Leviticus 23 describes seven feasts (festivals) for Jews to observe every year. They are Jewish holidays – as in “time off” but also the literal idea of “holy days.”

Why they are important

This is utterly fascinating. There is a lot of history wrapped up in these feasts, and a ton of symbolism in all of the “sevens” involved. I honestly had no idea about all of this.

The Sabbath Feast?

There seems to be debate on whether to include the Sabbath as one of the seven (as it is in Lev 23). The reason that doesn’t make it eight is that people will combine Passover and the Feast of Unleavened Bread as one “feast”. I prefer keeping them separate (I mean, they get their own names) and considering the Sabbath (Hebrew for seven) as the sort of master plan. Also, Sabbath is weekly, unlike the other annual feasts.

Notice that in Leviticus 23:

  • Verse 2 says “These are the appointed feasts of the LORD”
  • Verse 3 describes the Sabbath
  • Verse 4 says again, “These are the appointed feasts of the LORD”

It’s like it’s saying, the Sabbath is representing all the other feasts.
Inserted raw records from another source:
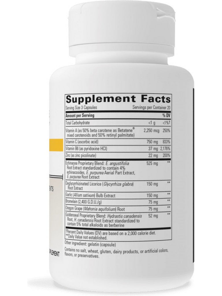 EHB provides echinacosides from Echinacea and alkaloids including hydrastine, berberine, and canadine from a proprietary blend of Goldenseal and Oregon grape (Mahonia aquifolium) root. Echinacea used in EHB is from a proprietary blend of E. angustifolia, purpurea, and pallida species. Other herbs included in the formula include garlic (Allium sativum,) deglycyrrhizinated licorice (Glycyrrhiza glabra) root, and ginger (Zingiber officinale) root. Vitamins A, C, B6, and zinc are included in substantive amounts.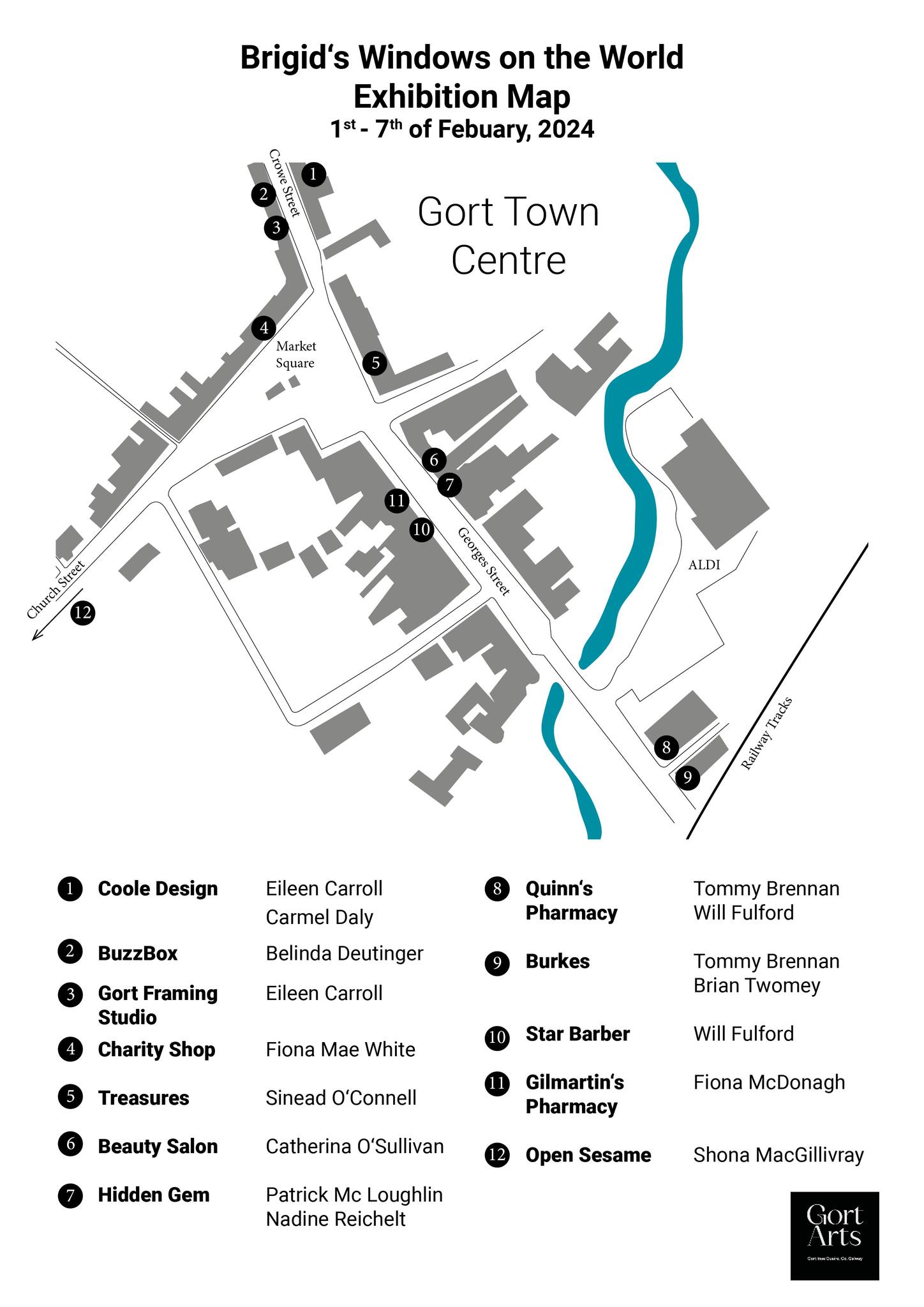 Check out the wonderful "Brigid's Windows on the World" exhibition around the town from today until Feb 7th. There are many skillful artists living in and around Gort who are showcasing their art. It's part of the Brigid celebrations happening this weekend (Saturday, 5:30 at the Square) and hosted by the Gort Arts Group.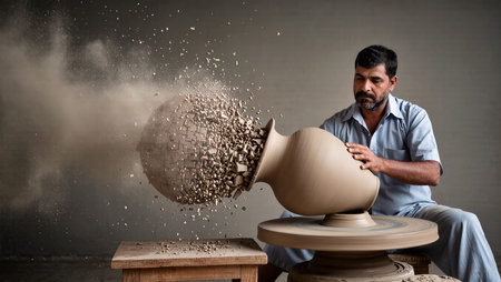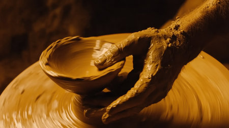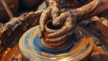 Close-up of a focused potter's hands shaping a clay vase on a pottery wheel. Clear details and vi...

The annual feasts in Leviticus 23

Verse 4 – these are the feasts

  1. Passover (v. 5)
  2. Unleavened Bread (vs. 6-8)
  3. Firstfruits (vs. 9-14)
  4. Feast of Weeks (vs. 15-21) [called Pentecost in Greek]
  5. Trumpets (vs. 23-25)
  6. Day of Atonement (vs. 26-32)
  7. Booths or Tabernacles (vs. 33-43)

Verse 44 – those were the feasts

Other than that, I see now that this topic is much bigger than I anticipated, and I will study this more and I hope you will, too.

Theology and doctrine

But be warned: as I was doing research on this, I found that people really like to try to bring all of this into some premillennial doctrine, literally interpreting passages in Isaiah and Revelation, for example. Others try to wedge it into some plan of salvation.

Look, Biblical patterns are cool and all, and I don’t know if these people are right or wrong, but I think the vast majority of us probably know barely anything about the Jewish feasts by themselves.

Can we just try to learn what is actually in the Bible first?